Раскрывать после этого свое подлинное лицо становилось все труднее.

Где-то в стороне чернела не существовавшая ранее деревня, потом на горизонте появились силуэты каких-то жилищ.

Чем ближе подъезжали мы к усадьбе, тем дорога была менее разбита, и под колесами то тут, то там постукивали какие-то камешки. Десятки лет прошли с тех пор, когда за рубль с подводы карповские и смердинские крестьяне соглашались вывозить на эту дорогу мелкую гальку из речки Сижки. Другого камня в округе не было, а без него на наших дорогах, как говаривал отец, пристяжные в осеннюю распутицу до самого центра земли провалиться могли.
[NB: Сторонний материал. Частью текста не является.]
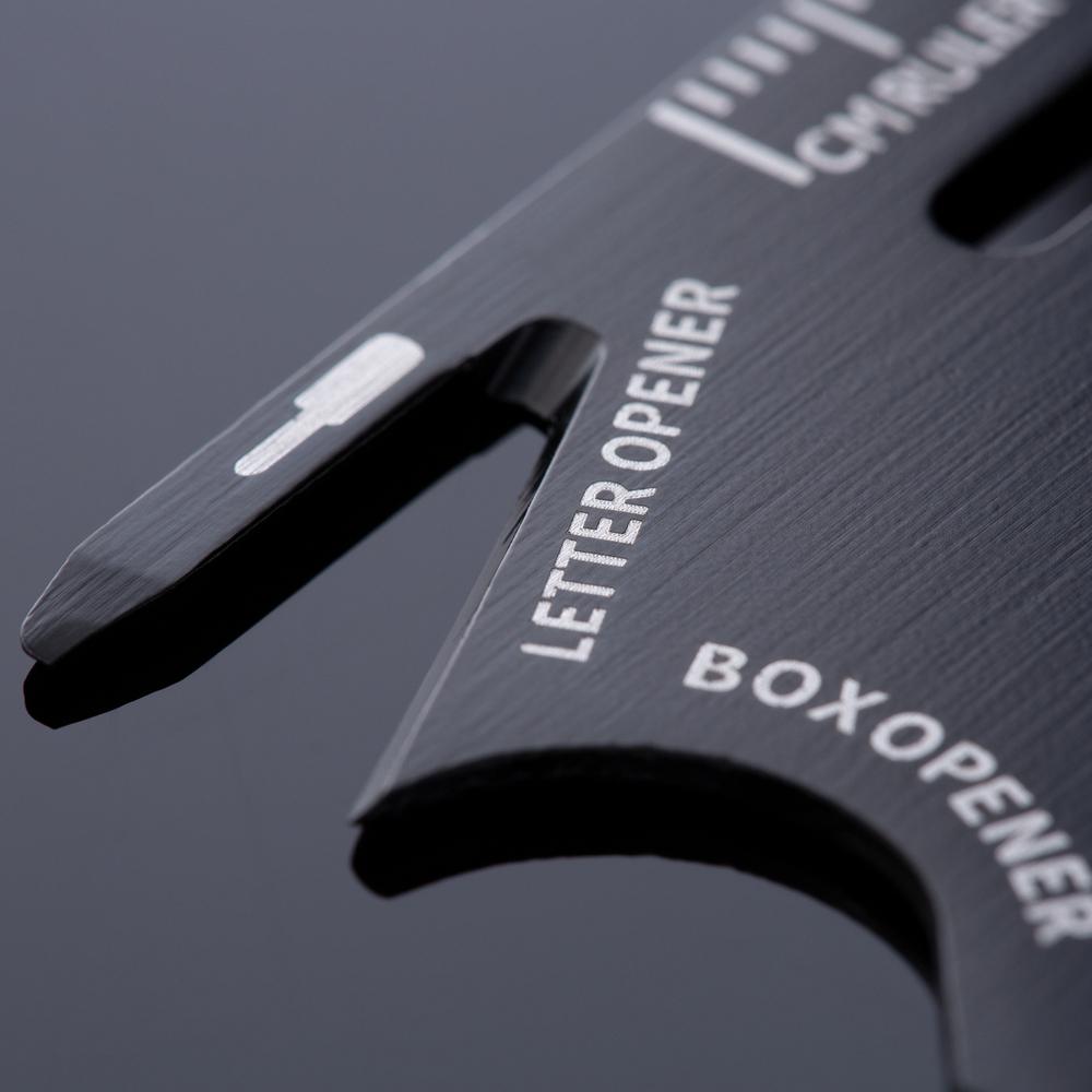Crafted from durable stainless steel, it packs 8 essential functions into one slim profile: bottle opener, can opener, ruler, screwdriver, hex key, protractor, package opener, and wingnut driver. Ideal for everyday fixes, travel, and outdoor activities, it equips recipients while subtly promoting your brand.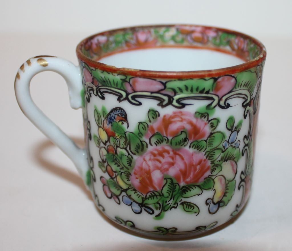 A collection of 22 pieces of "Rose Medallion" Chinese Export Porcelain, 19th to early 20th Century, including three 7 1/4" plates (no mark), a sugar bowl (no lid, no mark), a rice bowl ("China" mark), five demitasse cups (no mark, speck nick to one rim), five teacups (4 unmarked, one "China"), and seven assorted saucer plates (all with rim nicks or chips). A collection of 22 pieces of "Rose Medallion" Chinese Export Porcelain, 19th to early 20th Century, including three 7 1/4" plates (no mark), a sugar bowl (no lid, no mark), a rice bowl ("China" mark), five demitasse cups (no mark, speck nick to one rim), five teacups (4 unmarked, one "China"), and seven assorted saucer plates (all with rim nicks or chips).

Теперь есть надежда, что дорога будет построена по-настоящему: по обеим ее сторонам различаю кучки щебня, завезенные откуда-то издалека по железной дороге.

Но вот большой пруд, сохранившееся с дедовских времен здание сыроварни и поворот в тенистую аллею с четырьмя рядами тополей, ведущую прямо к дому. Он построен в стиле русской избы с резьбой, ставнями, балконами и террасами и соединен крытыми галереями с двумя одноэтажными флигелями. В правом флигеле, подле которого [735] сохранился большой куст пахучего жасмина, размещалась кухня и службы, а в левом — жили гости, гувернантки и друзья, которых мы, конечно, и в мыслях приживалами не почитали. Над каждым из коньков дома красовался сектор круга. Этот мотив повторялся во всей резьбе, так как круг отображал солнце — характерную часть древнего русского орнамента. Теперь «вееров» не стало, равно как исчезли и те два вековых дуба, что, подобно парным часовым, охраняли фасад этой величественной избы. На заросшем лугу перед домом хотелось восстановить в памяти прежние дорожки, площадку для тенниса, клумбу с пахучим табаком...
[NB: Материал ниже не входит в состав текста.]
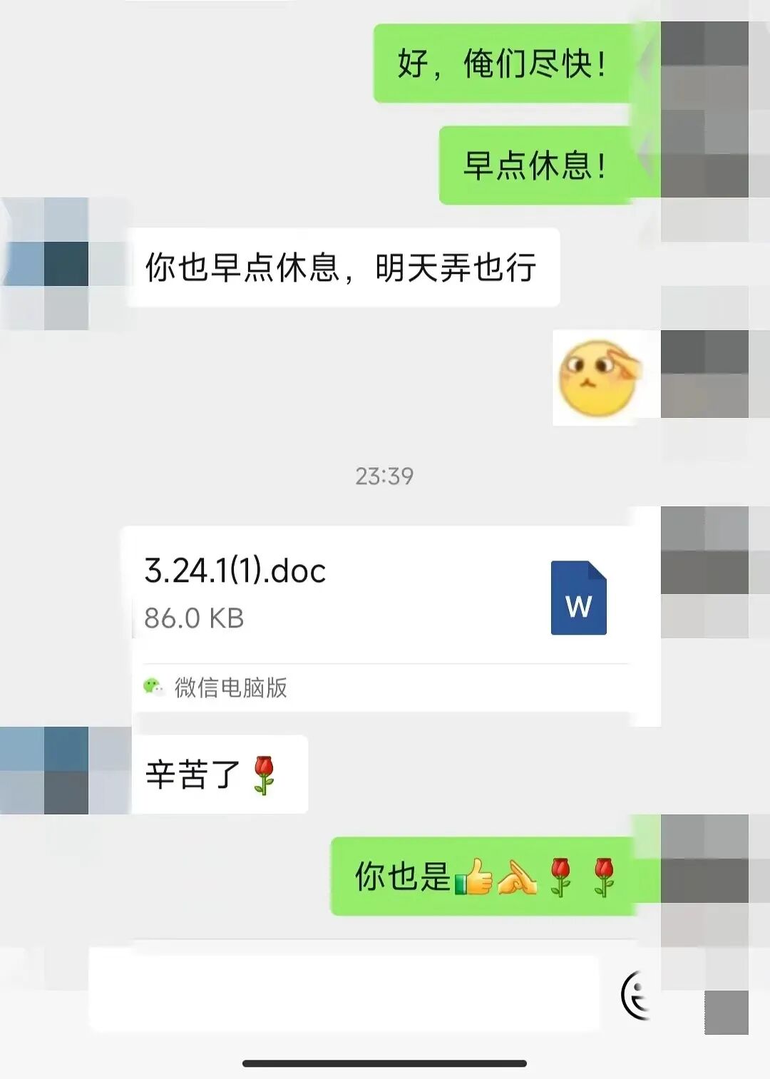 有一次,单位系统成功上线了新板块,整个部门忙了快1个月的任务初步结束,主任再次在群里发“辛苦了”,深得主任重视的员工,立马回复:“您这两天也辛苦啦,剩下的我们这边处理~”

«Цветы и дорожки, оранжерейные персики и ананасы, все это,— повторял я про себя,— одни ненужные барские затеи. Во что же все это действительно обходилось моим родителям? Из-за этих так называемых красот жизни Чертолино ведь, подобно всем решительно северным имениям, не приносило дохода, а, наоборот, стоило больших денег».

Страстно хотелось поскорее все обегать да осмотреть. Но наш милый хозяин уговаривал пойти отдохнуть. Он предоставил свою комнату моей жене, а меня с фотографом повел на сеновал.

— Сено уж очень в этом году замечательное,— приговаривал он.

Вот заветное для нас, детей, место — конюшня, большое деревянное здание на кирпичном фундаменте — скотный двор, рига, а вот поодаль и сенной сарай.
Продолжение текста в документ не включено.